### TASK DETAILS
Once the line holding "We comment on" is found in the listing below, write it out and each later line exactly, up to and including the one holding "SKIP学習 公開日 2021/12/08".

### DATASET RECORDS
********************

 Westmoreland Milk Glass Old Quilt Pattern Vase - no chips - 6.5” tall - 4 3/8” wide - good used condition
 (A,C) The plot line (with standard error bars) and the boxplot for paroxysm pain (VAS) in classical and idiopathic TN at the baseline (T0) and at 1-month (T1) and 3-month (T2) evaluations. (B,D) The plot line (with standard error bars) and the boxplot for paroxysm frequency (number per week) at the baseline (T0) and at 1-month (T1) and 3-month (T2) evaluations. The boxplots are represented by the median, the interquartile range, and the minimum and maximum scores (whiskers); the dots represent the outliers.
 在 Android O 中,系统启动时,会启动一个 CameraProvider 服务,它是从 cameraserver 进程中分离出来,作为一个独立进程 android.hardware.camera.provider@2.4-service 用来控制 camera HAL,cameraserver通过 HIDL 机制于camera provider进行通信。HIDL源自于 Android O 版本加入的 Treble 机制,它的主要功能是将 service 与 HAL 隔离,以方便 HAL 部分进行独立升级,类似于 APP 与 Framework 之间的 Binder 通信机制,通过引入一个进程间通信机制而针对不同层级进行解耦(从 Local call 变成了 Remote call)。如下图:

********************

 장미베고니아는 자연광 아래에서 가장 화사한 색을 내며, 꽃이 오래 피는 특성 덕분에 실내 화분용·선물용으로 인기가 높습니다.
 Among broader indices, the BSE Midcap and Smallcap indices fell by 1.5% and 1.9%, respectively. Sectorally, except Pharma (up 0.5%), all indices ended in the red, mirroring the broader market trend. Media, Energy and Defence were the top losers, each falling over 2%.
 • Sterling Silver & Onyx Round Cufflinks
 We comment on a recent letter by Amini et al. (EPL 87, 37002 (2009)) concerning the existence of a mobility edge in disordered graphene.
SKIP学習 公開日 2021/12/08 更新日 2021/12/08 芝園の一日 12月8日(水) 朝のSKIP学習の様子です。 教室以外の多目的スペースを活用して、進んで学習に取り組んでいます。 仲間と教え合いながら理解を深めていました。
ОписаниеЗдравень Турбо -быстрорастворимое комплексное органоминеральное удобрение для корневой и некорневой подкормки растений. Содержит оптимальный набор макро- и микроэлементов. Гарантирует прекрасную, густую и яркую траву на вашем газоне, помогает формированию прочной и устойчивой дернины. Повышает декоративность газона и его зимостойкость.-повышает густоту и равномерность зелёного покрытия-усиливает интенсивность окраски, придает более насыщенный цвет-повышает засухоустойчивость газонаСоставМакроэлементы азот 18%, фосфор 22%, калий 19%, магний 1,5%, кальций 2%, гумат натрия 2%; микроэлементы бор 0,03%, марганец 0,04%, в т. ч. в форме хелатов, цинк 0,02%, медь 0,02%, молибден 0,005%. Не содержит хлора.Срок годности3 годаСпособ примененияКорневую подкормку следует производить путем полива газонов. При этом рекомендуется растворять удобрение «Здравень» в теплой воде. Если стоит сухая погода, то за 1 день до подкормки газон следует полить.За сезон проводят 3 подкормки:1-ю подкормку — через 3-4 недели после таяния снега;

********************

### TASK OUTPUT
 We comment on a recent letter by Amini et al. (EPL 87, 37002 (2009)) concerning the existence of a mobility edge in disordered graphene.
SKIP学習 公開日 2021/12/08 更新日 2021/12/08 芝園の一日 12月8日(水) 朝のSKIP学習の様子です。 教室以外の多目的スペースを活用して、進んで学習に取り組んでいます。 仲間と教え合いながら理解を深めていました。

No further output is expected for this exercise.